Context
All That You Know Not to Be Is Utterly Real, Part II
Curtis White
[In Part I of this essay (Context #7), I entered the Great Books debate by critiquing Harold Bloom’s How to Read and Why, and providing an alternative aesthetic through the work of Viktor Shklovsky.] Viktor
Shklovsky is not the only means available to us in order to reach these
conclusions. Very similar results regarding art’s social consequences
could be revealed through an examination of other theorists who have
tried to think through the relationship of tradition to innovation. We
could, for example, look at Walter Benjamin’s notion of "aura" ("The
Work of Art in the Age of Mechanical Reproduction,") or Frank Kermode’s
use of "peripeteia" (The Sense of an Ending), or Paul Ricoeur’s fascinating understanding of "three-fold mimesis" as developed in Time and Narrative, Vol. 1.
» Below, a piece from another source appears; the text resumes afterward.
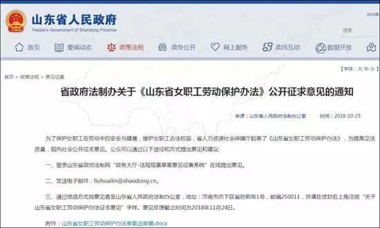 三、通过信函方式将意见寄至山东省人民政府法制办公室,地址:济南市历下区省府前街1号,邮编250011,并请在信封右上角注明“关于山东省女职工劳动保护办法征求意见”字样。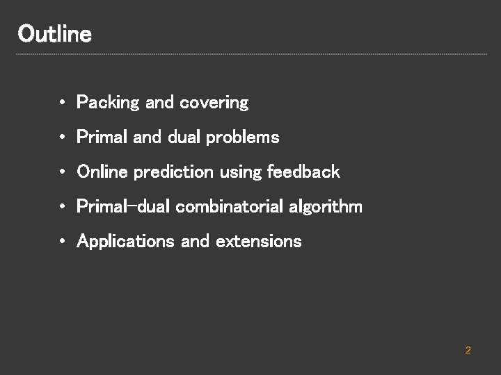 Outline • Packing and covering • Primal and dual problems • Online prediction using feedback • Primal-dual combinatorial algorithm • Applications and extensions 2

But by far the deepest and most thorough thinking-through of the
aesthetic and social consequences of innovation in art is Theodor
Adorno’s neglected Aesthetic Theory. Any attempt to
provide a summary of this great, difficult and diffuse work is a
betrayal of its own explicit determination not to unfold as a formal
argument. (Astute theorist of form that he was, Adorno was careful not
to create a work that could be found guilty by its own ideas.) Aesthetic Theory has its own "uncanny" knack for allowing its thinking to flow and
mutate. Nonetheless, Adorno does return again and again to the
fundamental premise that the human and social purposiveness of the
experimental or innovative in art is to create freedom in the context
of unfreedom. Art is a response to repression, which functions in the
larger culture as the administration of all aspects of life, and in the
art world through the imposition of the law of genre. Thus, art’s
essence is ineluctably social. As Adorno wrote, "Art perceived strictly
aesthetically is art aesthetically misperceived." It is
interesting to note, however, that as committed as Adorno was to art’s
social significance, he probably shared Harold Bloom’s conviction that
art is not about the display of social virtue. In a passage that sounds
as if it were intended for our current controversy, Adorno writes, in
response to artistic certificates of "correct political opinion," "what
is social in art is its immanent movement against society, not its
manifest opinions." And, Of course, Adorno was just as hostile to the notion of Great
Books ideologically construed. For Adorno, a canon of Great Works is a
version of what he called the neutralizing "museum of cultural
commodities," or "Sunday institutions that provide solace." And the
canonical "immortality" after which Bloom longs so plangently is the
"illusion of duration." This expression of transcendence is most often found in what
Adorno calls the "shudder" of the new which refers back to a primordial
magical experience of an "apparition, a heavenly vision" (here Adorno
echoes Shklovsky’s use of the word "vision" and reproduces Walter
Benjamin’s idea of the "aura"). This experience is what Harold Bloom
wrongly and tritely calls "originality." It is also that quality in art
that Bloom tries and fails to capture in his notion of the "uncanny."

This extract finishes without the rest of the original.